EXERCISE BRIEF: All of the records below are to be printed exactly; the pictures are to be left out.

GIVEN RECORDS: Begin

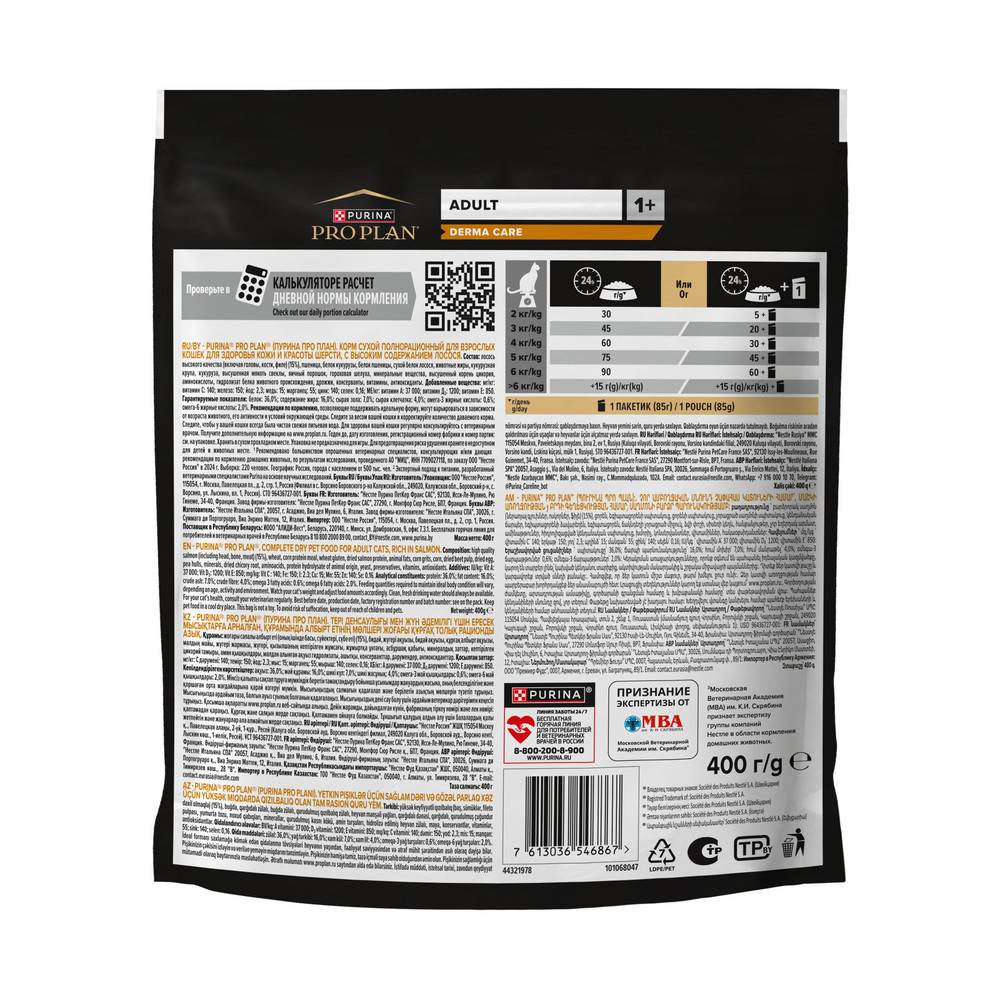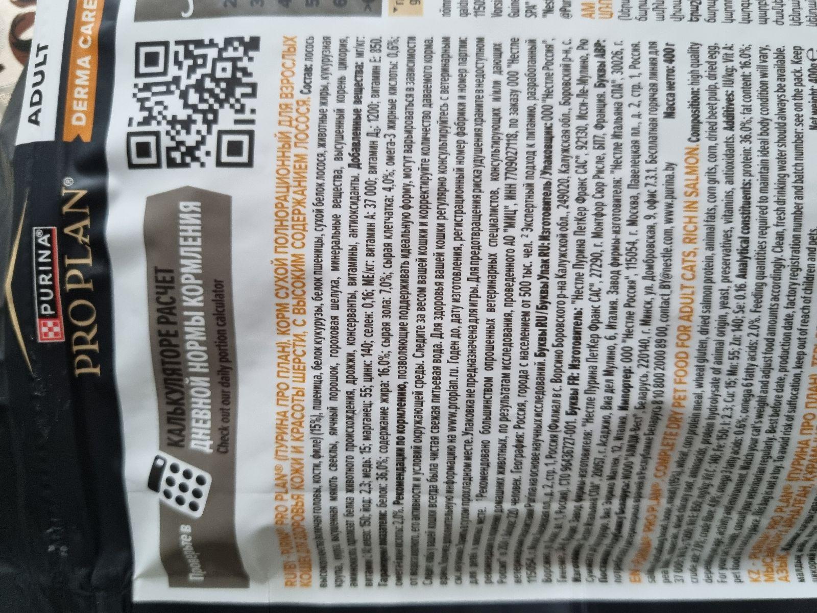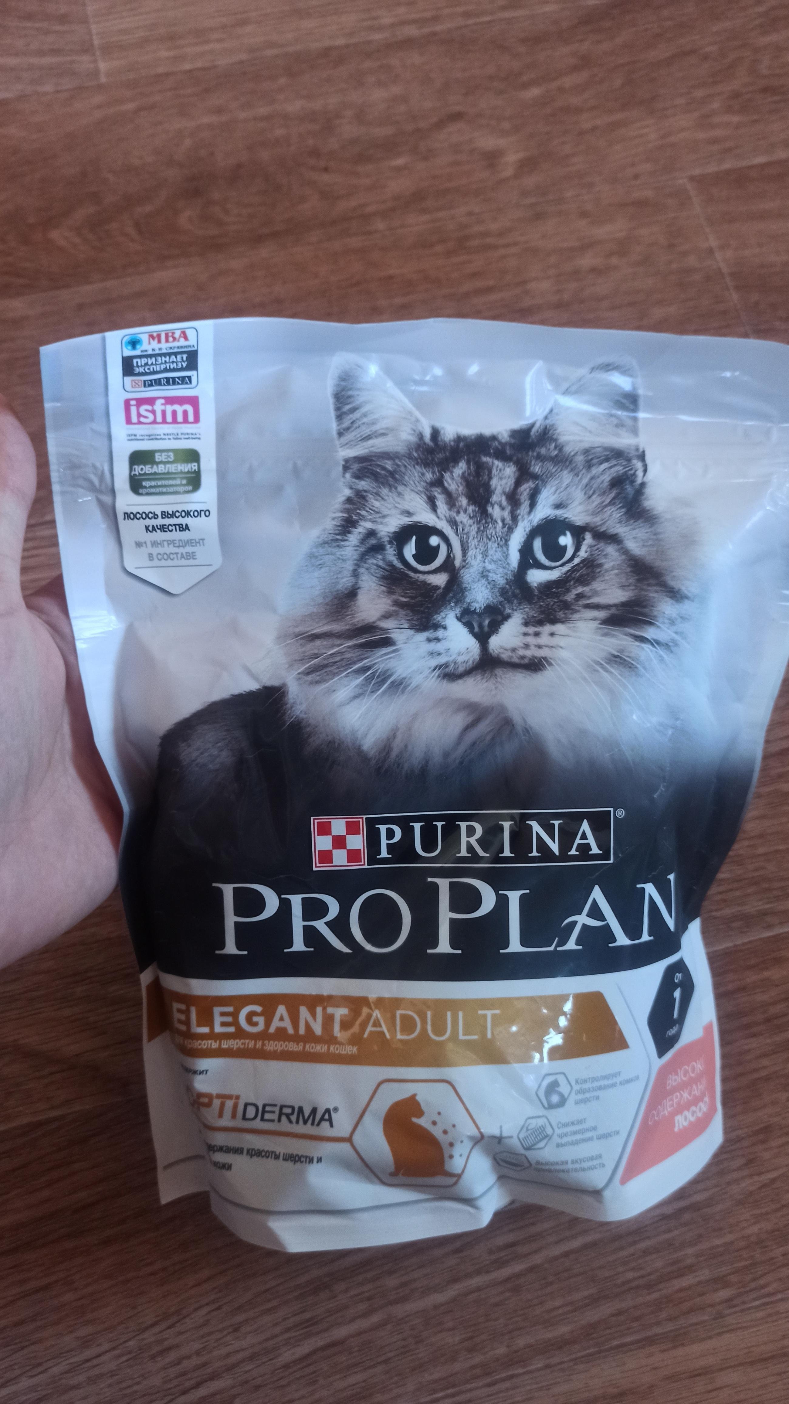 Перешли на этот корм, так как кошка длиношёрстная и начались проблемы с образованием комков шерсти в желудке. Ветврач посоветовала корм, в составе которого сырой клетчатки больше 5%. В описании была заявлена сырая клетчатка 5,5%. Так как кошка на рационе ProPlan, решила купить. Да и корм способствует уменьшению образования комков шерсти! В результате оказалось, что состав изменился и клетчатки 4%.Комментарий
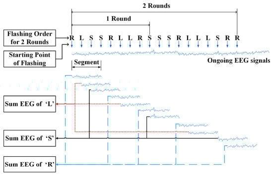 Intuitively, the total flashing repetition number of every command (i.e., L, S, or R) is three in one round and six in two rounds because every three of the same letters denote one type of command. However, in some random flashing sequences, two or all of the three same characters corresponding to one command in a round may successively flash in a single round. On the basis of the findings in [,,], in case the stimulus onset asynchrony (SOA) is less than 500 ms, an attention blink occurs. Therefore, for a command in these flashing sequences, only the first corresponding flashing character may catch the user’s attention, and the last one or two may not. Therefore, compared to traditional paradigms, the segmentation and summation rule of the continuous EEG data needs to be modified to avoid extracting useless information (for more detail, see Section 2.3.1).
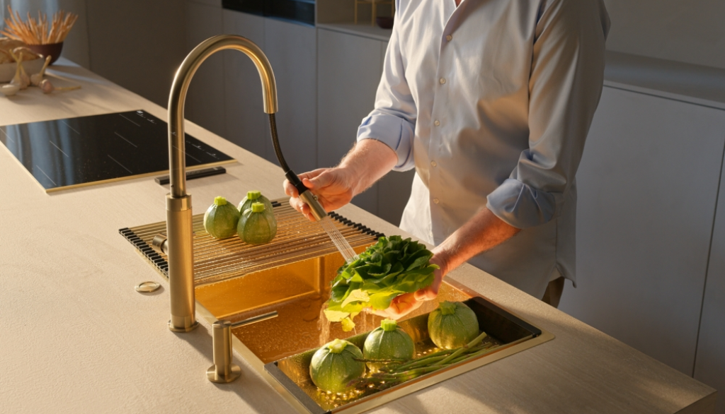 zur Montage in die Arbeitsplatte oder Spüle bequeme Druckbetätigung nachfüllbar von Oben Material: Edelstahl massiv Oberfläche: Gold
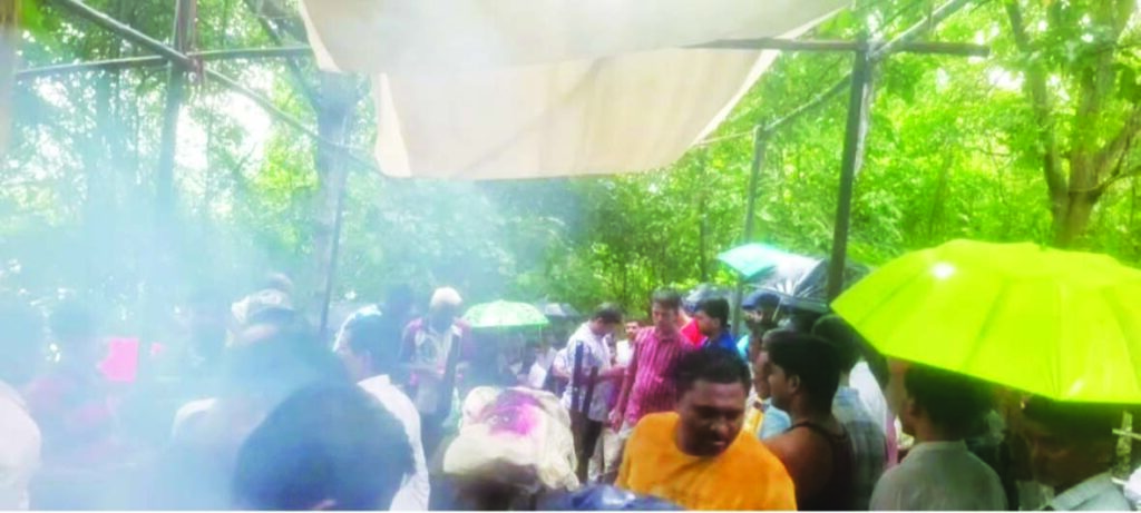 भरपावसात ताडपत्री बांधून अंत्यविधी
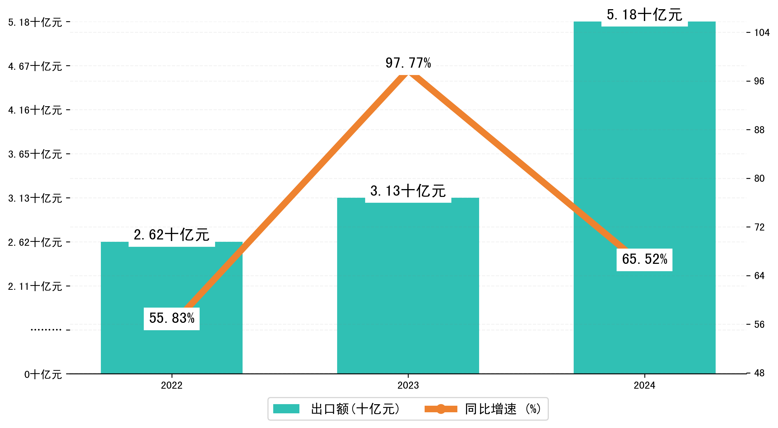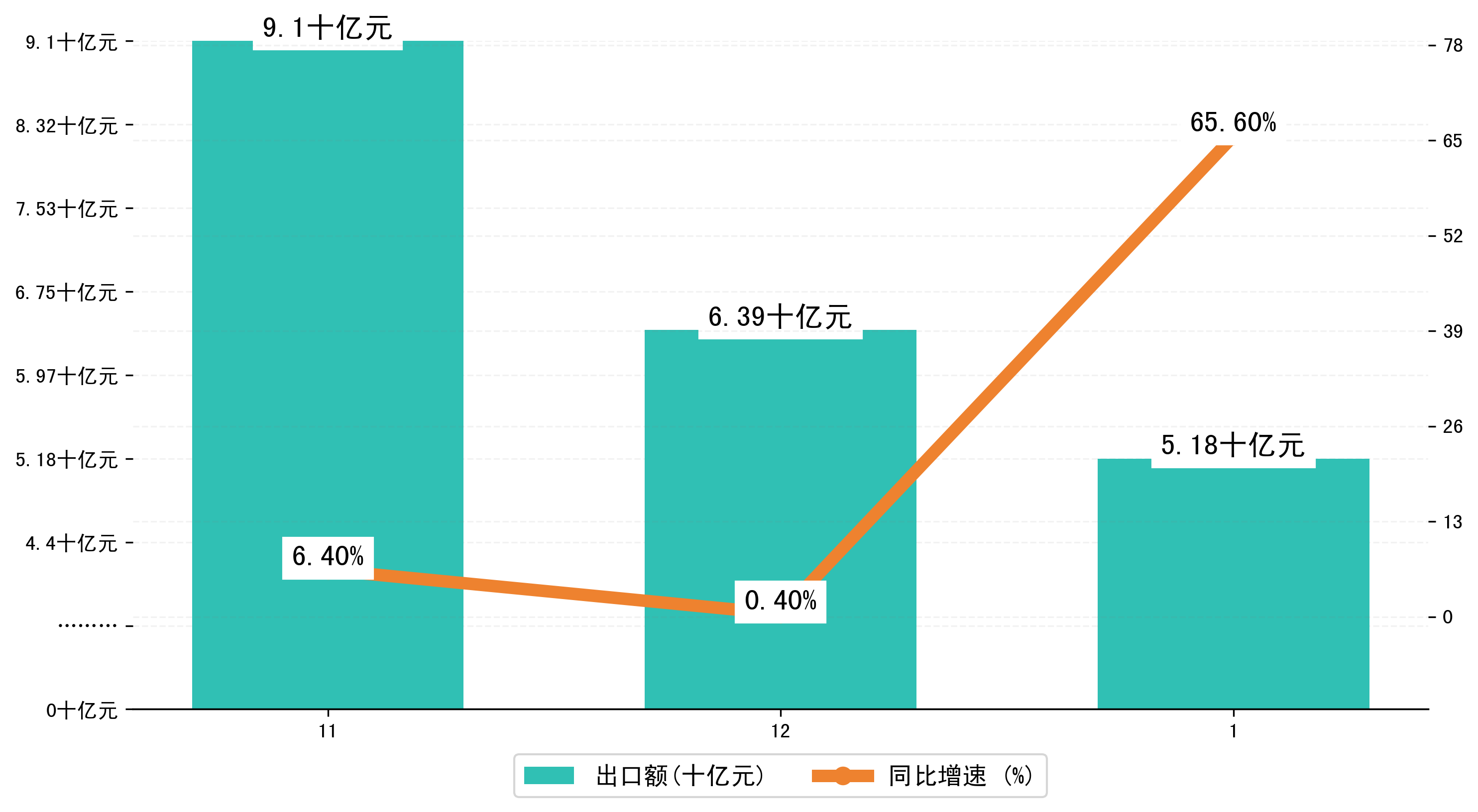 以人民币计,2024年1-1月唐山市出口额为51,8335.818万元,相比上年同期增加了20,5188.6832万元,同比增加了65.60%。
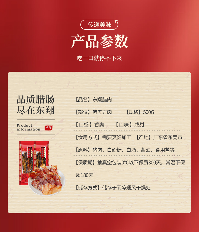 【东莞特产】东翔腊肉猪肉广式腊肠送礼纯肉年货
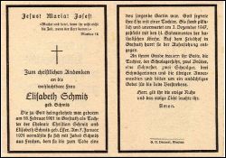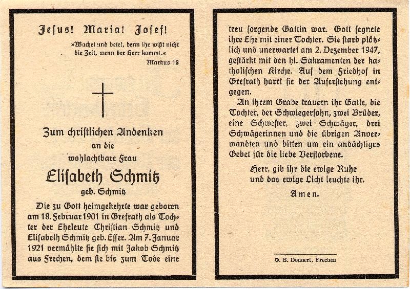 Eltern: Christian Schmitz u. Elisabeth geb. Esser; ∞ 7.1.1921 Jakob Schmitz aus Frechen; 1 Tochter; Friedhof Grefrath |
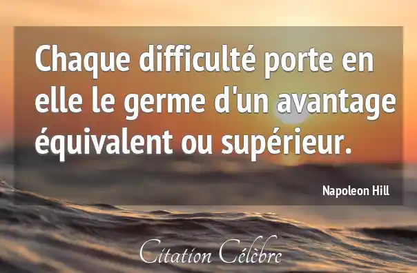 Chaque difficulté porte en elle le germe d'un avantage équivalent ou supérieur.
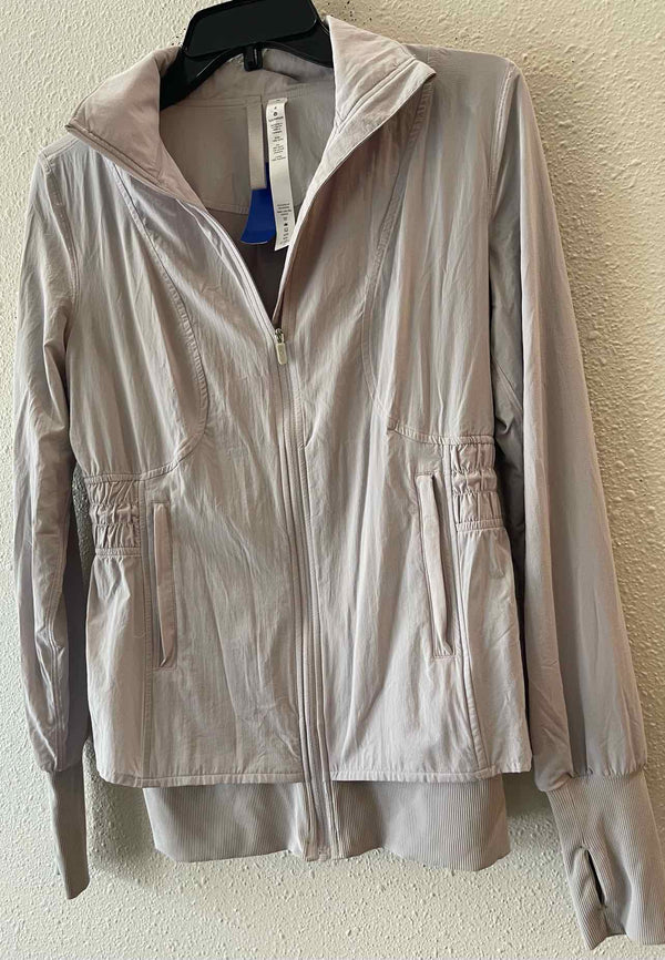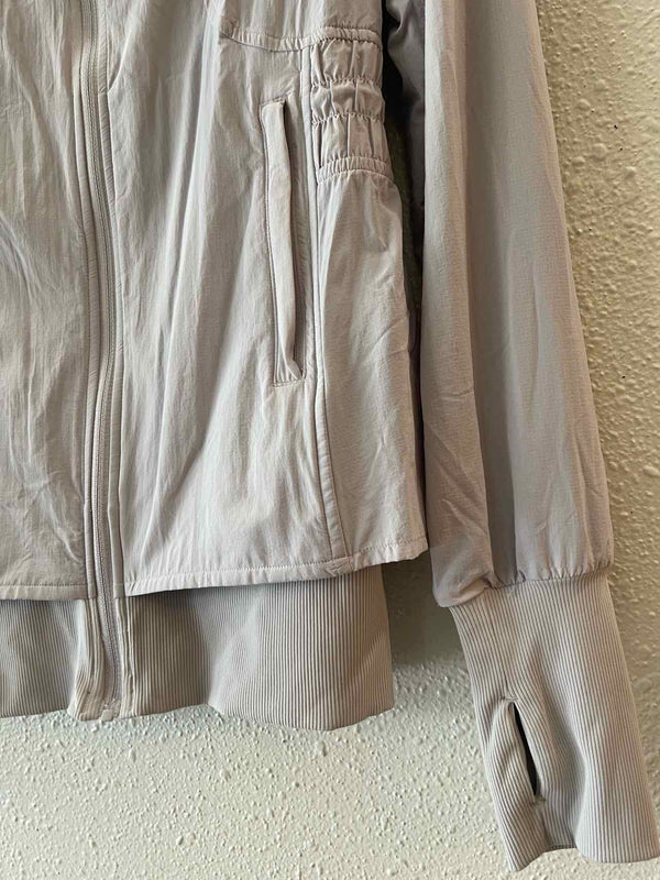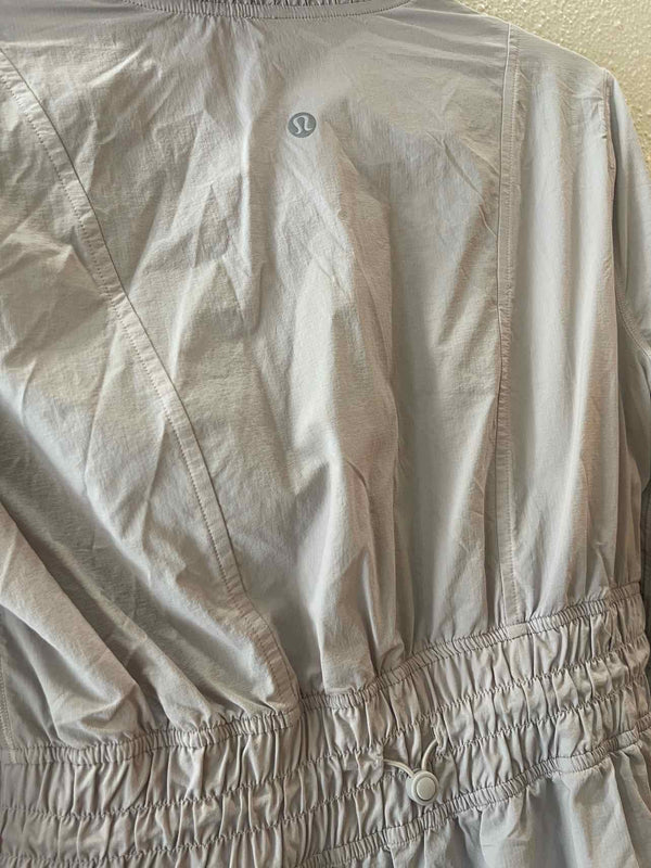 The light grey hue of the Lululemon grey Size 4 Jacket brings a versatile, modern touch to your wardrobe. This pre-loved designer piece, available through authentic luxury resale, is a chic addition for those who value women's consignment fashion. Designed with long sleeves and a windbreaker style, the zip-up jacket features thoughtful details like a cinched back and back neck, blending both style and function. Whether you're layering for an active day or adding a refined layer to your everyday look, this Lululemon favorite in size 4 offers both quality and comfort in a neutral tone.
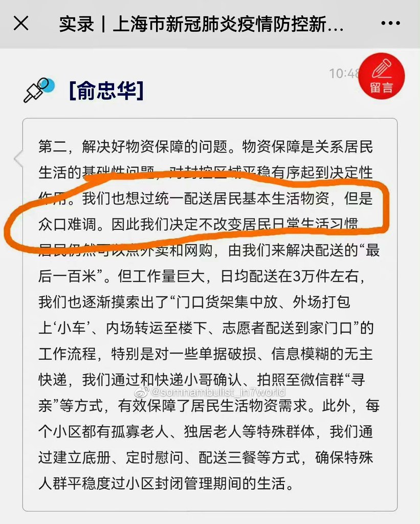 上海宝山镇副镇长俞忠华被曝倒卖捐赠物资。他在疫情发布会上表态称不会为民众统一配送物资,需自行上网购买。各地免费捐来的物资,他打包成两百元一份的蔬菜包卖给民众。借防控发民难财,官员们贪婪无耻到了如此地步。
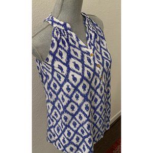 Lilly Pulitzer 100% Silk Top XXS Blue White Sleeveless Beautiful Buttons RARE
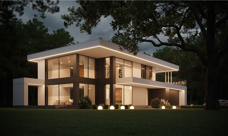 第一款:占地150平米,三層自建房,超大觀景露臺(tái)和露臺(tái),現(xiàn)代感十足;

GIVEN RECORDS: End

RESULT OF THE TASK:
 Перешли на этот корм, так как кошка длиношёрстная и начались проблемы с образованием комков шерсти в желудке. Ветврач посоветовала корм, в составе которого сырой клетчатки больше 5%. В описании была заявлена сырая клетчатка 5,5%. Так как кошка на рационе ProPlan, решила купить. Да и корм способствует уменьшению образования комков шерсти! В результате оказалось, что состав изменился и клетчатки 4%.Комментарий
 Intuitively, the total flashing repetition number of every command (i.e., L, S, or R) is three in one round and six in two rounds because every three of the same letters denote one type of command. However, in some random flashing sequences, two or all of the three same characters corresponding to one command in a round may successively flash in a single round. On the basis of the findings in [,,], in case the stimulus onset asynchrony (SOA) is less than 500 ms, an attention blink occurs. Therefore, for a command in these flashing sequences, only the first corresponding flashing character may catch the user’s attention, and the last one or two may not. Therefore, compared to traditional paradigms, the segmentation and summation rule of the continuous EEG data needs to be modified to avoid extracting useless information (for more detail, see Section 2.3.1).
 zur Montage in die Arbeitsplatte oder Spüle bequeme Druckbetätigung nachfüllbar von Oben Material: Edelstahl massiv Oberfläche: Gold
 भरपावसात ताडपत्री बांधून अंत्यविधी
 以人民币计,2024年1-1月唐山市出口额为51,8335.818万元,相比上年同期增加了20,5188.6832万元,同比增加了65.60%。
 【东莞特产】东翔腊肉猪肉广式腊肠送礼纯肉年货
 Eltern: Christian Schmitz u. Elisabeth geb. Esser; ∞ 7.1.1921 Jakob Schmitz aus Frechen; 1 Tochter; Friedhof Grefrath |
 Chaque difficulté porte en elle le germe d'un avantage équivalent ou supérieur.
 The light grey hue of the Lululemon grey Size 4 Jacket brings a versatile, modern touch to your wardrobe. This pre-loved designer piece, available through authentic luxury resale, is a chic addition for those who value women's consignment fashion. Designed with long sleeves and a windbreaker style, the zip-up jacket features thoughtful details like a cinched back and back neck, blending both style and function. Whether you're layering for an active day or adding a refined layer to your everyday look, this Lululemon favorite in size 4 offers both quality and comfort in a neutral tone.
 上海宝山镇副镇长俞忠华被曝倒卖捐赠物资。他在疫情发布会上表态称不会为民众统一配送物资,需自行上网购买。各地免费捐来的物资,他打包成两百元一份的蔬菜包卖给民众。借防控发民难财,官员们贪婪无耻到了如此地步。
 Lilly Pulitzer 100% Silk Top XXS Blue White Sleeveless Beautiful Buttons RARE
 第一款:占地150平米,三層自建房,超大觀景露臺(tái)和露臺(tái),現(xiàn)代感十足;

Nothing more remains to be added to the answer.